The station first started experimental broadcasts in 1945 and was licensed as WWCF in 1947.[2] It was the sister station to WIBU in Poynette, Wisconsin, which went on the air in 1925. At first, WWCF mostly simulcast WIBU. By the 1970s it separated its programming from WIBU, airing a beautiful music format, using the call sign WLVE meaning "Love". In 1984, it moved to soft adult contemporary as WNLT[3] with the LT standing for "Lite Music". In May 1985, the call letters changed to WILV.[4]

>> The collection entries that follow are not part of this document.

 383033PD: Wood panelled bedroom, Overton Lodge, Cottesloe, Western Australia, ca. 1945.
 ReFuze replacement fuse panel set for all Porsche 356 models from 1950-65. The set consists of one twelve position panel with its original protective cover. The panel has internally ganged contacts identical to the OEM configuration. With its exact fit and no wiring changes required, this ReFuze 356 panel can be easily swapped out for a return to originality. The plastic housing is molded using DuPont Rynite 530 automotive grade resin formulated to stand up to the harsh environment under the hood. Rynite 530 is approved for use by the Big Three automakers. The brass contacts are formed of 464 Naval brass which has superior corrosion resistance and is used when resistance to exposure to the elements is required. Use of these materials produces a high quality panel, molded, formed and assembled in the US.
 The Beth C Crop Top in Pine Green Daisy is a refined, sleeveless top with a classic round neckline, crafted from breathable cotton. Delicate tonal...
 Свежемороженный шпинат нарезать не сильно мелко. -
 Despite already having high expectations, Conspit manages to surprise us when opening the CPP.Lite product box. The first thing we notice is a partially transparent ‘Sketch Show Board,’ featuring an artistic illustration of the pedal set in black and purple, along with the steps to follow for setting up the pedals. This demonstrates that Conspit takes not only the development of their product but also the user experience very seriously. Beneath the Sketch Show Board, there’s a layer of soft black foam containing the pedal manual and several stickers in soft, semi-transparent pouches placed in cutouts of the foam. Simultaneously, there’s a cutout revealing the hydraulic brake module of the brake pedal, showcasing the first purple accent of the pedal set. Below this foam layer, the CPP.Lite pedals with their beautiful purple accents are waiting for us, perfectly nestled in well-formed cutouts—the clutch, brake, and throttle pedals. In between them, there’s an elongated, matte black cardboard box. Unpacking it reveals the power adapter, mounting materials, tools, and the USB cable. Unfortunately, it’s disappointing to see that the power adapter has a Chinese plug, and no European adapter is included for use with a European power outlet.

In early 1989, WILV flipped to an oldies format, initially concentrating on 1950s and 1960s music. Branded "Oldies 94.9", the station changed its call letters to WOLX-FM in April 1989.[5] [6] The new format proved immediately successful; in the Spring 1989 Arbitron report, WOLX-FM jumped to second place among adults 25–54 in the Madison market from eleventh in the same period the previous year.[7] In May 1996, long-time owner Shockley Communications, headed by Terry K. Shockley, sold WOLX-FM to Dubuque, Iowa-based Woodward Communications for $10.5 million.[8]
In May 2000, Woodward sold all of its Madison stations — WOLX-FM, WMMM-FM, and WYZM — to Entercom for $14.6 million.[9] As the 2000s progressed, WOLX-FM adjusted its format to classic hits, dropping the "Oldies 94.9" moniker in favor of "94.9 WOLX" and featuring primarily music from the 1970s thru the 1990s.

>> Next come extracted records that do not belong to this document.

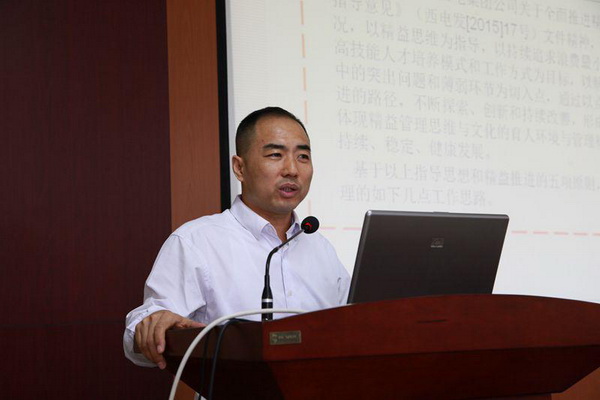 李長(zhǎng)江院長(zhǎng)做了大會(huì)動(dòng)員。他從中國(guó)企業(yè)的發(fā)展引入精益管理背景講起,分析了學(xué)院在中國(guó)西電集團(tuán)開(kāi)展精益管理活動(dòng)的作用,明確了學(xué)院在集團(tuán)精益管理中人才育成和校辦企業(yè)示范建設(shè)作用,并就用理念推進(jìn)學(xué)院精益管理,用方法提高管理水平,通過(guò)改善使全員參與,立足本崗改進(jìn)提升,成為集團(tuán)公司精益管理高效單位提出要求,希望為西電集團(tuán)培養(yǎng)出更多更好的高技能人才多作貢獻(xiàn)。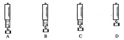 如图所示,质量为m的小圆板与轻弹簧相连,把轻弹簧的另一端固定在内壁光滑的圆筒底部,构成弹簧弹射器。第一次用弹射器水平弹射物体,第二次用弹射器竖直弹射物体,关于两次弹射时情况的分析,正确的是 ( )![]()
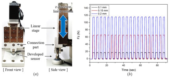 Next, as shown in Figure 13a, an experimental setup was designed to analyze the force repeatability of the developed sensor. It consists of a z-direction linear motorized stage (ZCV620-F-N, MISUMI), a developed sensor, and a connection part that connects the sensor with the stage, as shown in Figure 13b. In this experimental setup, the manufactured pin was caught between the eye-nut of the sensor and the connection part. Therefore, the linear stage and the developed sensor had the same Z-axis movement, which was measured using in the sensor. The linear motorized stage repeatedly moved 20 times at distances of 0.1 mm, 0.15 mm, and 0.2 mm. The time-domain responses of the sensor are shown in Figure 13c. In each case, the percentage errors are expressed based on the average of the measured forces as 1.32%, 1.48%, and 2.31%. As a result, the average repeatability of the force was analyzed as 1.75%. These results are summarized in Table 2.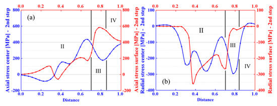 From FEM simulations: (a) axial and (b) radial stress (step 7); (blue) center, (red) surface.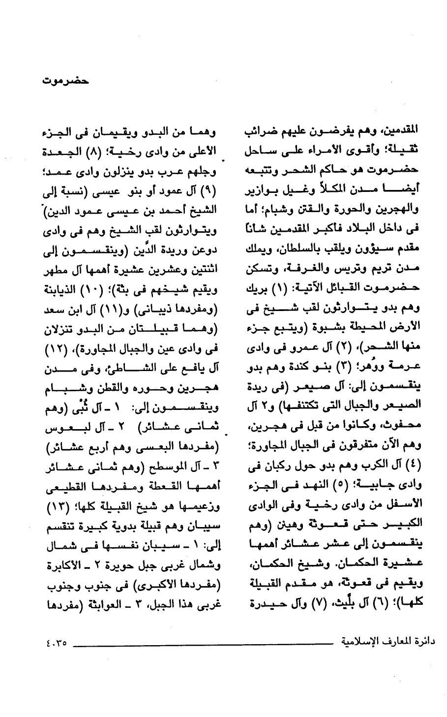 المقدمين، وهم يفرضون عليهم ضرائب ثقيلة؛ وأقوى الأمراء على ساحل حضرموت هو حاكم الشحر وتتبعه أيضًا مدن المكلا وغيل بوازير والهجرين والحورة والقتن وشبام؛ أما في داخل البلاد فأكبر المقدمين شأنًا مقدم سيؤون ويلقب بالسلطان، ويملك مدن تريم وتريس والغرفة، وتسكن حضرموت القبائل الآتية: (1) بريك وهم بدو يتوارثون لقب شيخ في الأرض المحيطة بشبوة (ويتبع جزء منها الشحر)، (2) آل عمرو في وادى عرمة ووُهر؛ (3) بنو كندة وهم بدو ينقسمون إلى: آل صيعر (في ريدة الصيعر والجبال التي تكتنفها) و 2 آل محفوث، وكانوا من قبل في هجرين، وهم الآن متفرقون في الجبال المجاورة؛ (4) آل الكرب وهم بدو حول ركبان في وادى جابية؛ (5) النهد في الجزء الأسفل من وادى رخية وفى الوادى الكبير حتى قعوثة وهينن (وهم ينقسمون إلى عشر عشائر أهمها عشيرة الحكمان. وشيخ الحكمان، ويقيم في قعوثة، هو مقدم القبيلة كلها)؛ (6) آل بلَّيث، (7) وآل حيدرة وهما من البدو ويقيمان في الجزء الأعلى من وادى رخية؛ (8) الجعدة وجلهم عرب بدو ينزلون وادى عمد؛ (9) آل عمود أو بنو عيسى (نسبة إلى الشيخ أحمد بن عيسى عمود الدين) ويتوارثون لقب الشيخ وهم في وادى دوعن وريدة الدَّين (وينقسمون إلى اثنتين وعشرين عشيرة أهمها آل مطهر ويقيم شيخهم في بثة)؛ (10) الذيابنة (ومفردها ذيبانى) و (11) آل ابن سعد (وهما قبيلتان من البدو تنزلان في وادى عين والجبال المجاورة)، (12) آل يافع على الشاطئ، وفى مدن هجرين وحوره والقطن وشبام وينقسمون إلى: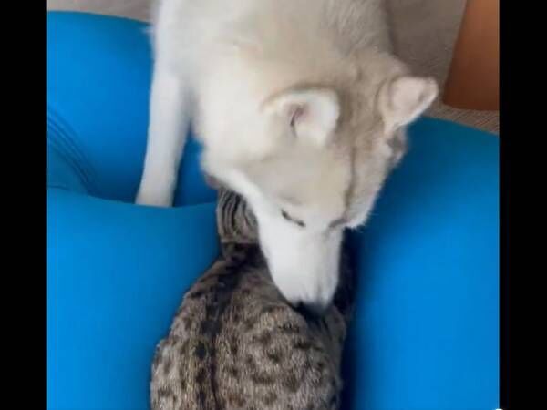 シベリアンハスキーのユキちゃんと、猫のサンちゃんは、普段からべったりとくっついて過ごすほどの仲よし。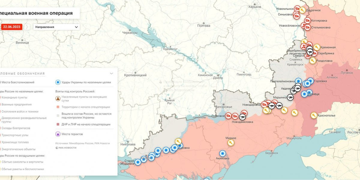- Карта боевых действий на Украине, 22 июня 2023г., от РИА Новости. Карта специальной военной операции.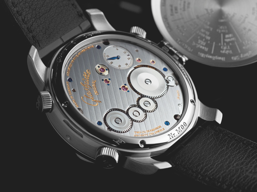 The movement is exquisitely finished with: beveled edges, polished and brushed steel parts, screwed gold chatons, blued screws, Breguet spring, wheel-train bridge with Glashütte ribbed finish, winding wheels with double sun burst decoration.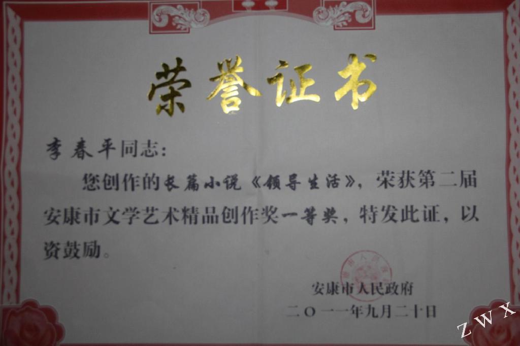 李春平获安康市文艺精品创作一等奖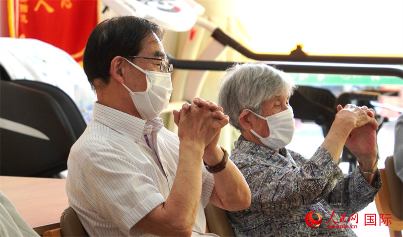 在日本的一家養(yǎng)老機構,清野明(左)和若生豐美(右)正在一起做手指操。人民網 許可攝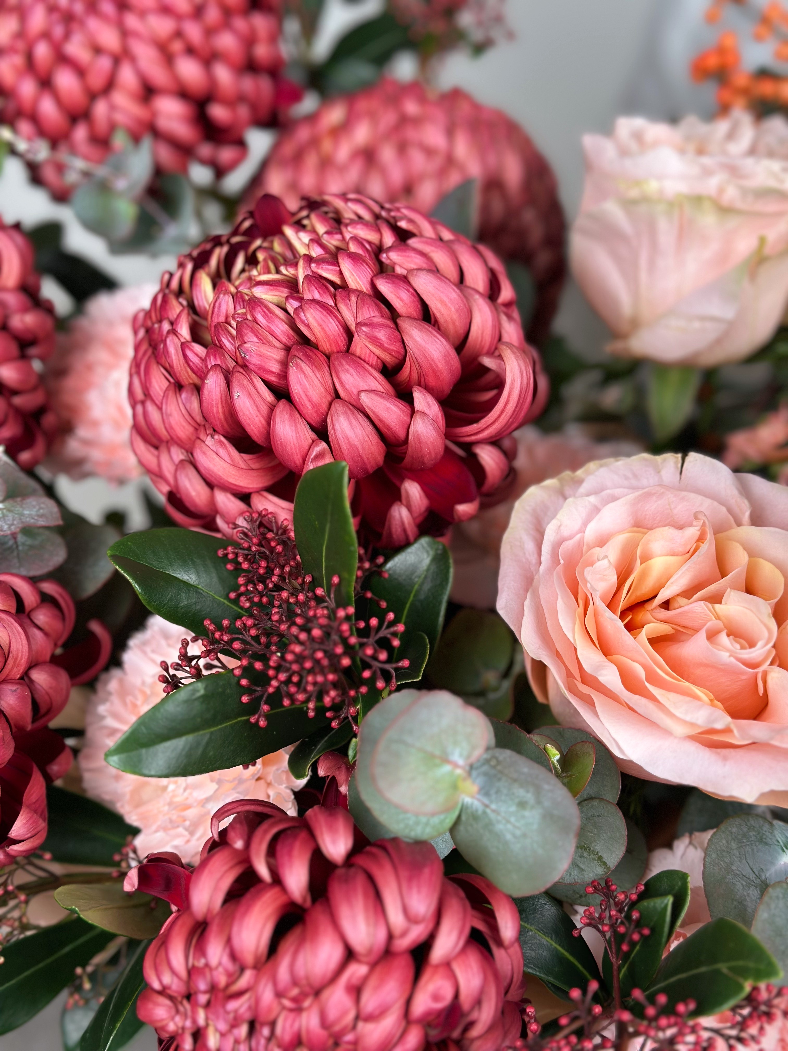 —КОРЗИНА В ОСЕННИХ ТОНАХ С ПИОНОВИДНОЙ РОЗОЙ

Syndicated programming on WOLX-FM includes Dick Bartley's Classic Hits, America's Greatest Hits hosted by Scott Shannon, and M. G. Kelly's Classic Hit List.
As one of the oldest FM stations in Wisconsin, WOLX-FM operates at a higher effective radiated power (ERP) than would be granted today. It is a grandfathered "superpower" Class B FM station, operating at 37,000 watts from a height above average terrain (HAAT) of 396m (1,299feet). Under Federal Communications Commission rules, a Class B FM station at the same HAAT would be allowed a maximum ERP of 6,700 watts.[10] The station once used the slogan "High atop the Baraboo Bluffs in Greenfield Township". WOLX-FM's signal can reach 33 of Wisconsin's 72 counties, including those along the Lake Michigan shoreline on clear days, though reception is usually blocked by the Kettle Moraine hills northeast of Madison. The station can also be heard in the western suburbs of Milwaukee, in Sheboygan County, and in portions of Illinois and Iowa.